2. Tame the email beast

Managing emails can slow down even the most efficient worker. But if you learn to manage them according to your productivity style, you’ll save time and up your effectiveness. “Sending and responding to emails takes a lot of time and energy. But when properly managed, email communication can provide quick substantial wins,” says Tate. So, if you’re a Prioritizer, check emails during low-productivity times; if you’re a Planner, designate specific times; and if you’re a Visualizer, avoid distraction by closing your email app during certain times of the day.

Recommended: Want To Be Happy At Work? Here’s How to Find Purpose.

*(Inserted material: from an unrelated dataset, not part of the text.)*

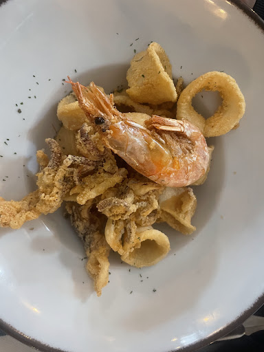 Io ho preso fish&chips e il mio collega frittura mista Il cibo nulla di che, se mangi cose da menu mangi poco e spendi poco, se mangi cose alla carta mangi poco e spendi molto e la qualità non è il massimo lo stesso.. la stessa del menu da 10 euro per intenderci.. acqua filtrata (del rubinetto insomma) caffè scarsuccio e personale scortese ed è qua che pongo l'accento.

3. Negotiate for what you need

Put your savvy negotiation skills to use by asking for what you need to produce high-quality work according to your style. For instance, if you’re a lawyer who’s a Visualizer, ask for a whiteboard to envision ideas, stay organized, and assess your role on a particular case. “Time is a commodity—it’s more precious than the dollars in your wallet, and it’s to be invested in ways that provide the highest returns for you,” says Tate.

4. Seek a workplace culture that showcases your strengths

If you’re job hunting, look for a company culture that plays into your strengths and helps you perform at your very best each and every day. “When you leverage the strengths of your productivity style with your work culture, you can work in the impactful ways and achieve the greatest results,” says Tate.” For instance, if you’re a Visualizer, look to join a company that’s open to new ideas and taking risks. If you’re a Planner, seek a job that values your attention to detail and your amazing ability to come up with a purposeful project roadmap. If you’re an Arranger, look for work environments in which team work is the norm, and effectively running meetings among stakeholders is crucial. Getting their buy-in will play right into your supportive nature and identifying who on the team will be best at what tasks.

When you leverage the strengths of your productivity style with the responsibilities of your role, you’ll have the maximum impact at work and generate the results you want to deliver.